And so, a lot of people back in Russia, agree with him. A lot of people don't, but a lot of people do. I don't know that I have a definitive response today on whether or not he'll use nuclear weapons. As I said earlier, I hope not, but that's not a good strategy. And having been wrong on the Ukraine invasion leads me to recalculate my answer to that question.
Six, eight months ago, I would've said, "No, not possible at all." Now, unfortunately, I have to think about that heavily, and I don't have an exact answer. I, unfortunately, believe that Putin is serious about that threat, which is in and of itself, a massive escalation on the global front and global security.
Mr. Jekielek:
Well, and deeply, deeply troubling. We'll have to be following this up as the show continues and as this whole situation continues over there.
Well, let's completely switch gears here and go back to domestic realities.
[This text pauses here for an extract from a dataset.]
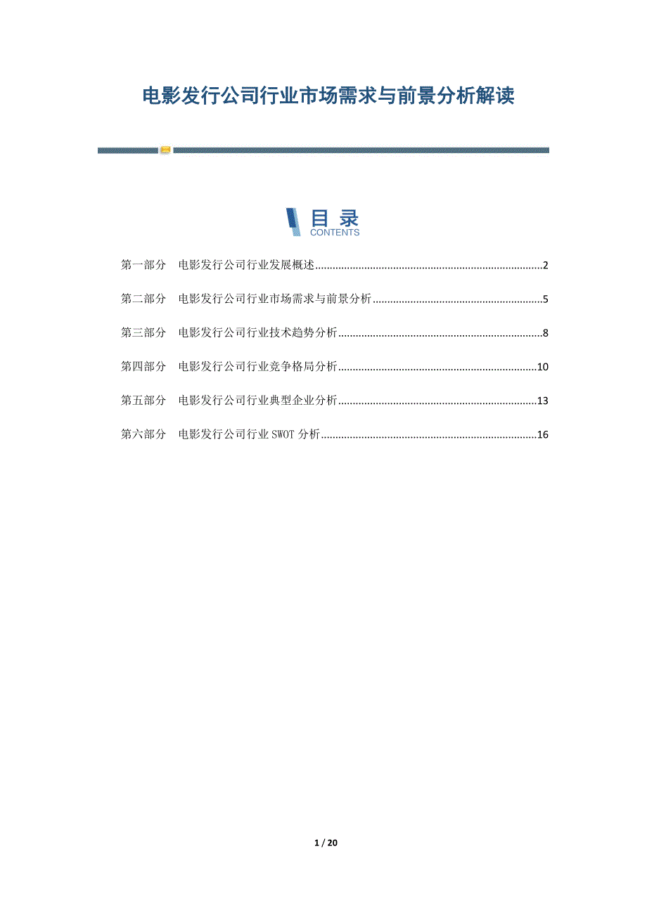 电影发行公司行业市场需求与前景分析解读 第一部分 电影发行公司行业发展概述 2第二部分 电影发行公司行业市场需求与前景分析 5第三部分 电影发行公司行业技术趋势分析 8第四部分 电影发行公司行业竞争格局分析 10第五部分 电影发行公司行业典型企业分析 13第六部分 电影发行公司行业SWOT分析 16第一部分 电影发行公司行业发展概述电影发行公司是电影行业中不可或缺的一环,它负责将电影作品引入市场、展示给观众,促进电影行业的发展随着电影产业的不断发展,电影发行公司在过去几十年中经历了显著的变化和创新本文将对电影发行公司行业的发展进行概述一、行业背景和概况电影发行公司是电影产业链中的重要环节,其主要职责包括选择、购买、发行和推广电影作品电影发行公司通过与制片方签订合同,取得电影的发行权,然后将电影安排在不同的发行渠道上,如电影院、电视、网络等,使之最终触达观众二、发展历程1. 早期阶段:在电影行业刚刚起步时,电影发行主要由个别公司承担,他们主要依靠独立的影院网络进行电影的发行,观众数量有限在这个阶段,电影发行公司的规模相对较小,市场份额分散2. 垄断时期:进入上世纪50年代至80年代,全球电影市场逐渐形成了垄断格局,少数几家大型电影发行公司垄断了市场份额。

The obvious thing to comment on, we started talking about last week, the special master appointment.
Mr. Patel:
Mr. Jekielek:
Classification issues. What are your thoughts?
Mr. Patel:
I don't think this is going to take too much time to roll through because there's not too many developments. A, special master was appointed. And B, he had Judge Dearie, I believe, in New York, convene the lawyers for both sides for the first time.
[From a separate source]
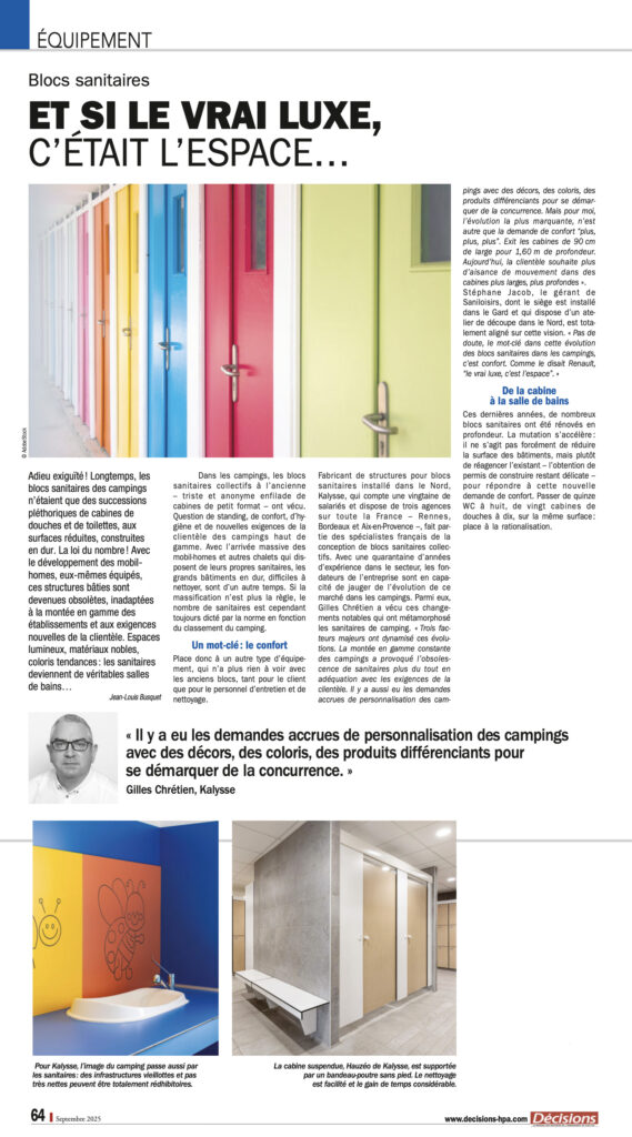 Dans l’un des derniers numéros (Septembre 2025), Décisions HPA consacre un dossier complet à la mutation des blocs sanitaires dans les campings, avec un focus sur l’expertise Kalysse.

And as a result of that, the public learned a couple of things. One, it looks like it's going to take until around November 30th for the special master to just get through reviewing the documents. And which is what we said on an earlier episodes. I say, "This is a process that's going to take months." And now, that's over two months away just for the review. He, also, Judge Dearie made some tests, some statements during the public hearing that he just held. And I think the one thing of note here is that, he said, I, Judge Dearie, at this time, don't feel the need to have to review classified information just yet.
Prudentially speaking, that's the right course of action. But when you look at what we've talked about in terms of corruption at the FBI and DOJ, I would've hoped he would look at everything right away. Now, he hasn't said he won't, he's just taking it in a measured approach, and I think maybe that's why so many people respect him.
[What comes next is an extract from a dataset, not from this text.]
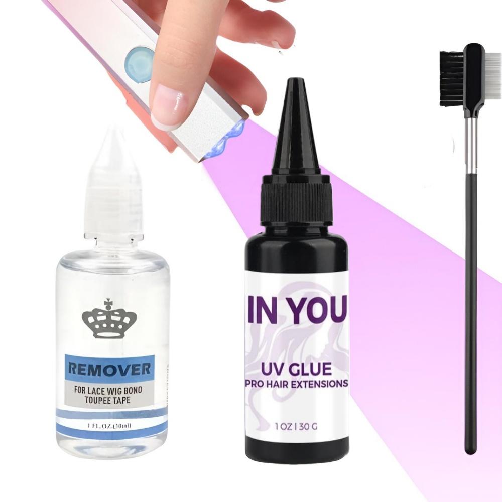 Content: ultraviolet light (with charging cable), hair extension comb, wig glue, glue remover, heat insulation sheet, finger sleeve, needle, hairpin

Now, we never talked about Judge Dearie in the selection of him as special master in and of itself. I probably would've gone a different way. Judge Dearie is one of the FISA court judges that signed a surveillance warrant against President Trump, which turned out to be an unlawful surveillance based on the investigation I led with Devin Nunes at the House Intelligence Committee.
So, this can go one of two ways. I've heard a lot of people on TV say, "Great selection," because he has a chance to fix his wrongs. Well, maybe. A federal court judge doesn't like being told he got something wrong, but of course, a federal court judge also doesn't like being lied to. So, hopefully, he has that information in hand when he's making these decisions, and the same FBI and DOJ actors are presenting him with their definitive positions and that everything was done above board when he has been the victim, if you want to put it that way, of an FBI and DOJ corruption, which led to an unlawful surveillance of a president or presidential candidate.
And I remind our audience, as a result of our investigation, two of those first of four search warrants were completely revoked by the Department of Justice. Now, Devin Nunes and I did send, on behalf of the House Intel Committee, way back when we found these errors, an extensive memo to the FISA court detailing our findings.
And at the time, these FISA court judges wouldn't even respond to us, or just said, "Go talk to DOJ." And so, I'm disheartened that these judges, back then, wouldn't listen to our fact-based findings. And now, you have one of these judges who is in charge as special master.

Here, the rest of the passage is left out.